Poi alza le spalle, e tutto diventa più difficile. «Come vuoi. Lo porto via, magari un giorno ti viene voglia di sfogliarlo.» È più facile discutere e lasciar andare concetti che non pensa. Lo ha chiamato perché vuole il suo aiuto e più di tutto la sua compagnia e quell’entusiasmo che sostituisce la sua melanconia. Un equilibrio perfetto che è stato di nuovo capace di spezzare. Tace, anche se vorrebbe chiedergli solo scusa, ma non è capace. Peter lo sa. E così gli lascia il tempo di metabolizzare e di rimediare con altro. Un gesto, un sorriso, o fingere che quella discussione non sia mai avvenuta.

«Non succederà», dice laconico, perché non ne avrò mai il coraggio.

«Che c’è qui dentro che ti terrorizza tanto? Cosa c’è di così spaventoso che non vuoi vedere? Avanti, sono solo fotografie. L’hai detto tu!», sbotta Peter, e sembra aver messo da parte quella finta indifferenza che però ha sempre il potere di ferirlo e distruggerlo. Gli è quasi grato, che non abbia chiuso lì il discorso.

«D’accordo! Aprilo! Non ti fermerò, se è questo che vuoi!», esclama, e poi sospira. Si gira verso il tavolo e si versa altro caffé – altro veleno che va a sommarsi a tutto quello che ha ingoiato fino a quel momento. Rimane di schiena. Sente solo il rumore della carta che si separa e la carta lucida che protegge il suo passato stridere a contatto con le dita di Peter. Sente il suo respiro calmo – a differenza del suo, e poi un singulto a cui non sa attribuire un motivo. Delusione? Tristezza? Pena?
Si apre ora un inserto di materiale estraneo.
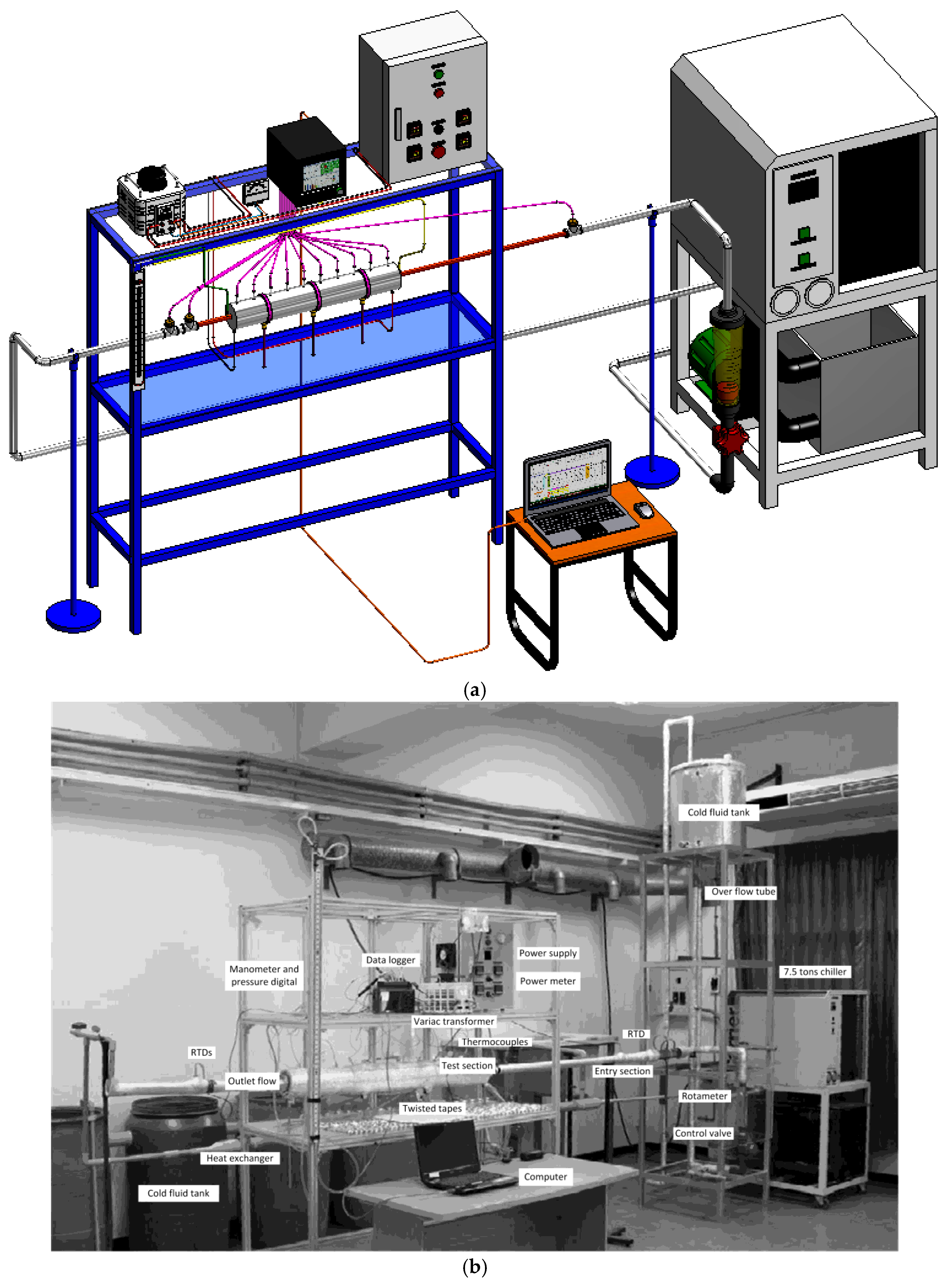 Figure 7. Details of the heat transfer apparatus: uniform heat flux tube, cooling tank, water pump, rotameter, T-type thermocouples, RTDs, data logger, controller box, Variac transformer, Watt meter, U-tube manometer and digital pressure manometer, and computer. (a) Heat transfer diagram setup. (b) Photograph of experimental setup. (c) Uniform heat flux tube fitted with thermocouples and a tube with a knitted wire coil turbulators inserted.

Abbandona la tazza sul tavolo e vi poggia sopra i palmi aperti. Piega la schiena e ha solo voglia di urlare. Si è aperto e poi ha di nuovo chiuso il cuore, come sempre. Gli fa così rabbia, averne uno come tutti gli altri. 

«Dunque?», chiede, quando quel silenzio rotto solo dalle pagine che vengono sfogliate, diventa quasi insostenibile. 

«Sono… solo foto. Foto di una famiglia, di un bambino che gioca, che ride e che ti somiglia. Foto di una vita.» 

«Foto della realtà», ammette, e piega di più la schiena, e anche le ginocchia. Tremano e la rabbia diventa rancore, poi tristezza, poi malinconia, poi troppe cose che non sa spiegare e che non sentiva da troppo.

«Non c’è niente di spaventoso, no? Le abbiamo tutti, foto così.» 

«E allora cosa dovrei fare?» 

«Accettarle e non rinnegarle. Sono l’unica prova che hai.» 

«Prova? Prova di cosa?», chiede, e non vorrebbe averlo detto con quella rabbia a bucargli il diaframma. 

«Che sei vivo e che esisti. Di questi tempi non è così scontato. C’è chi ha smesso di farlo per cinque anni.» La voce di Peter è un sorriso che non può vedere, girato di spalle. È un lieve canto di tranquillità, che smuove però un universo. A volte scorda che il tempo è relativo, e che qualcuno lo ha perduto nel vuoto e qualcun altro nell’attesa del ritorno di altri. Come loro due. Che Tony lo ha aspettato e Peter poi è tornato. 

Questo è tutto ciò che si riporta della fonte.